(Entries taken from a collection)
== Segment start ==
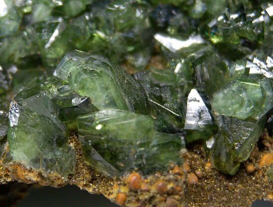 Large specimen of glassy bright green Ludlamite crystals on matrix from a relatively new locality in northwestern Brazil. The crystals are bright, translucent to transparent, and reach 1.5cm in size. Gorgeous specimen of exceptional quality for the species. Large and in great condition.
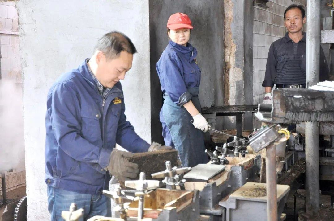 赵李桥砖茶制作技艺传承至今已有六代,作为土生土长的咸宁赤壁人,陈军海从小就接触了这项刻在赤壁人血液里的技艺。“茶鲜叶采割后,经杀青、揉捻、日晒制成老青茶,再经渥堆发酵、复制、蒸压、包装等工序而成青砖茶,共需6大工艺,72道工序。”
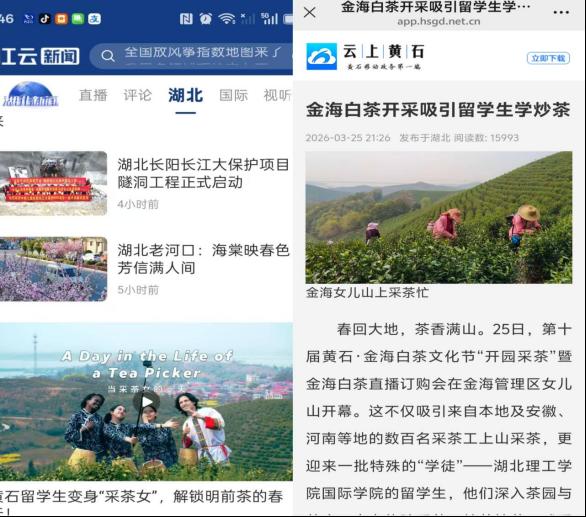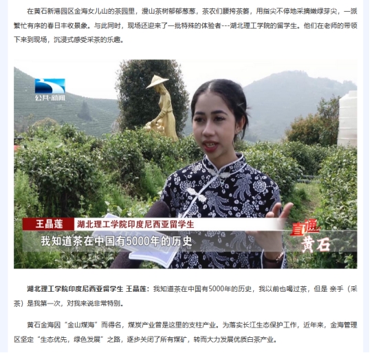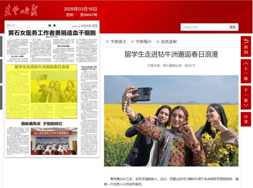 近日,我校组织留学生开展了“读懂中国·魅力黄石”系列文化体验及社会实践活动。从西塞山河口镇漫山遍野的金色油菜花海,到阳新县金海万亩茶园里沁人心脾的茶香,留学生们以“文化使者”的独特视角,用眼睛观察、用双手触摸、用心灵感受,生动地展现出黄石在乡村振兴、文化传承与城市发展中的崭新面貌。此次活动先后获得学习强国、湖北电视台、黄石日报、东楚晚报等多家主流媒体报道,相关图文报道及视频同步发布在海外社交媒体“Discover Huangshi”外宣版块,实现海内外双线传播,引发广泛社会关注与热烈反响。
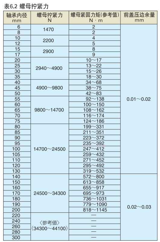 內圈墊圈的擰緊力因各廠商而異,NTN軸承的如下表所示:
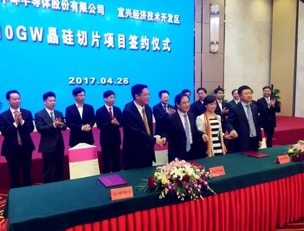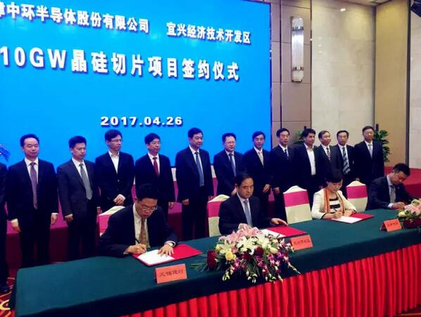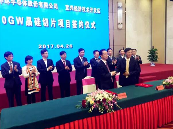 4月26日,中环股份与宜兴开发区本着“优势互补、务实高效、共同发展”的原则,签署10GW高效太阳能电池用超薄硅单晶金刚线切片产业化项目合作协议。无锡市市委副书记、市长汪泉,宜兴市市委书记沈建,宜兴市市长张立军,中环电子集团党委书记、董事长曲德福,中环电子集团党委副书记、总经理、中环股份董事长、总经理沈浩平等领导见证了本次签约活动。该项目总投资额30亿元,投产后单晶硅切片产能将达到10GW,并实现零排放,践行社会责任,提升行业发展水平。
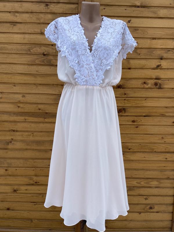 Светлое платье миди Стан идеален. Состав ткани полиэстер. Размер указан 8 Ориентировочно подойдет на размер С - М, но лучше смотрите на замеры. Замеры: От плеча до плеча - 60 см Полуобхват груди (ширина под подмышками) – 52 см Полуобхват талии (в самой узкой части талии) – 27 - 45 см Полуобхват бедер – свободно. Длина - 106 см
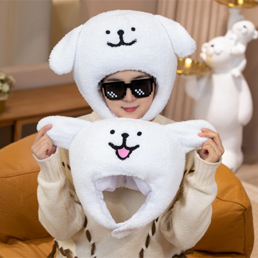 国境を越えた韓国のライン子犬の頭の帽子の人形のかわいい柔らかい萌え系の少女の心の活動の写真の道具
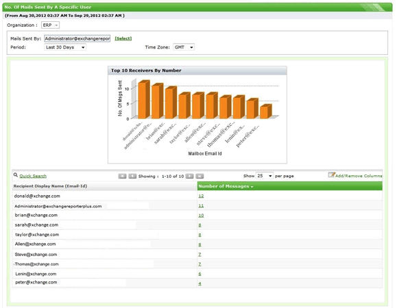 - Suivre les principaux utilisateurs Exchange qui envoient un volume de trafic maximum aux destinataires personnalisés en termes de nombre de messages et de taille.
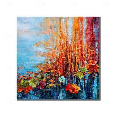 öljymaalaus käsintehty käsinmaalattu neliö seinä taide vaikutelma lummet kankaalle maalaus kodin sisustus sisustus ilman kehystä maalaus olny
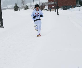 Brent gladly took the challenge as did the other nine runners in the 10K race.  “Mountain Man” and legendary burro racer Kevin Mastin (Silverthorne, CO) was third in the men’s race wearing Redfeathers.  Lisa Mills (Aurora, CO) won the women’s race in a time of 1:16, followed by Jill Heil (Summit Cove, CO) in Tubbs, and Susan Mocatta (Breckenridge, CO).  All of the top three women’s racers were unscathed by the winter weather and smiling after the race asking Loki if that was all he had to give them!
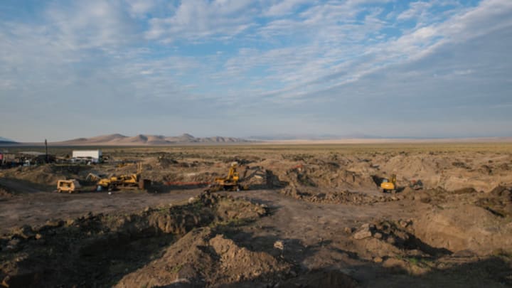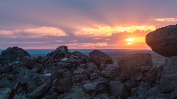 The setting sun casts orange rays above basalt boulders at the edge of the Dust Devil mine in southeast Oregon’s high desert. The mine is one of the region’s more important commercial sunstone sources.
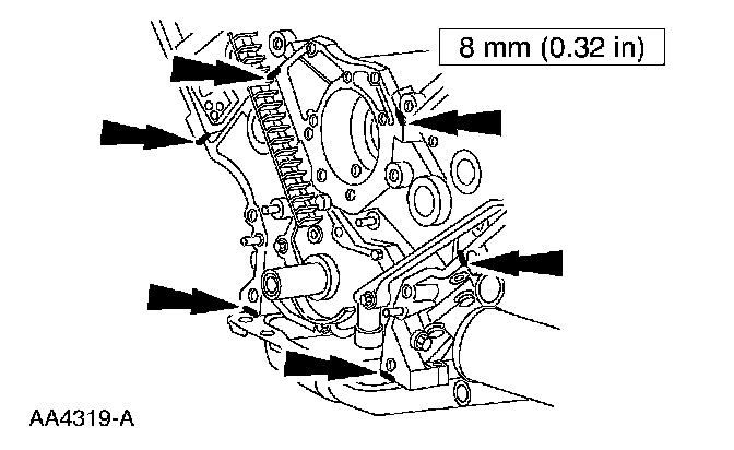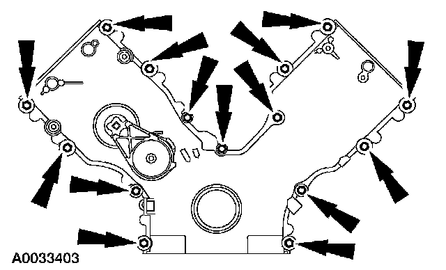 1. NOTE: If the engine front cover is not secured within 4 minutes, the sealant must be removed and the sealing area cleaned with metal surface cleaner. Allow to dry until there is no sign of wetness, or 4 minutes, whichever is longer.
== Segment end ==
**What needs to be done**:
All entries must be output exactly as they stand, and every picture must be left out.

**Exercise solution**:
 Large specimen of glassy bright green Ludlamite crystals on matrix from a relatively new locality in northwestern Brazil. The crystals are bright, translucent to transparent, and reach 1.5cm in size. Gorgeous specimen of exceptional quality for the species. Large and in great condition.
 赵李桥砖茶制作技艺传承至今已有六代,作为土生土长的咸宁赤壁人,陈军海从小就接触了这项刻在赤壁人血液里的技艺。“茶鲜叶采割后,经杀青、揉捻、日晒制成老青茶,再经渥堆发酵、复制、蒸压、包装等工序而成青砖茶,共需6大工艺,72道工序。”
 近日,我校组织留学生开展了“读懂中国·魅力黄石”系列文化体验及社会实践活动。从西塞山河口镇漫山遍野的金色油菜花海,到阳新县金海万亩茶园里沁人心脾的茶香,留学生们以“文化使者”的独特视角,用眼睛观察、用双手触摸、用心灵感受,生动地展现出黄石在乡村振兴、文化传承与城市发展中的崭新面貌。此次活动先后获得学习强国、湖北电视台、黄石日报、东楚晚报等多家主流媒体报道,相关图文报道及视频同步发布在海外社交媒体“Discover Huangshi”外宣版块,实现海内外双线传播,引发广泛社会关注与热烈反响。
 內圈墊圈的擰緊力因各廠商而異,NTN軸承的如下表所示:
 4月26日,中环股份与宜兴开发区本着“优势互补、务实高效、共同发展”的原则,签署10GW高效太阳能电池用超薄硅单晶金刚线切片产业化项目合作协议。无锡市市委副书记、市长汪泉,宜兴市市委书记沈建,宜兴市市长张立军,中环电子集团党委书记、董事长曲德福,中环电子集团党委副书记、总经理、中环股份董事长、总经理沈浩平等领导见证了本次签约活动。该项目总投资额30亿元,投产后单晶硅切片产能将达到10GW,并实现零排放,践行社会责任,提升行业发展水平。
 Светлое платье миди Стан идеален. Состав ткани полиэстер. Размер указан 8 Ориентировочно подойдет на размер С - М, но лучше смотрите на замеры. Замеры: От плеча до плеча - 60 см Полуобхват груди (ширина под подмышками) – 52 см Полуобхват талии (в самой узкой части талии) – 27 - 45 см Полуобхват бедер – свободно. Длина - 106 см
 国境を越えた韓国のライン子犬の頭の帽子の人形のかわいい柔らかい萌え系の少女の心の活動の写真の道具
 - Suivre les principaux utilisateurs Exchange qui envoient un volume de trafic maximum aux destinataires personnalisés en termes de nombre de messages et de taille.
 öljymaalaus käsintehty käsinmaalattu neliö seinä taide vaikutelma lummet kankaalle maalaus kodin sisustus sisustus ilman kehystä maalaus olny
 Brent gladly took the challenge as did the other nine runners in the 10K race.  “Mountain Man” and legendary burro racer Kevin Mastin (Silverthorne, CO) was third in the men’s race wearing Redfeathers.  Lisa Mills (Aurora, CO) won the women’s race in a time of 1:16, followed by Jill Heil (Summit Cove, CO) in Tubbs, and Susan Mocatta (Breckenridge, CO).  All of the top three women’s racers were unscathed by the winter weather and smiling after the race asking Loki if that was all he had to give them!
 The setting sun casts orange rays above basalt boulders at the edge of the Dust Devil mine in southeast Oregon’s high desert. The mine is one of the region’s more important commercial sunstone sources.
 1. NOTE: If the engine front cover is not secured within 4 minutes, the sealant must be removed and the sealing area cleaned with metal surface cleaner. Allow to dry until there is no sign of wetness, or 4 minutes, whichever is longer.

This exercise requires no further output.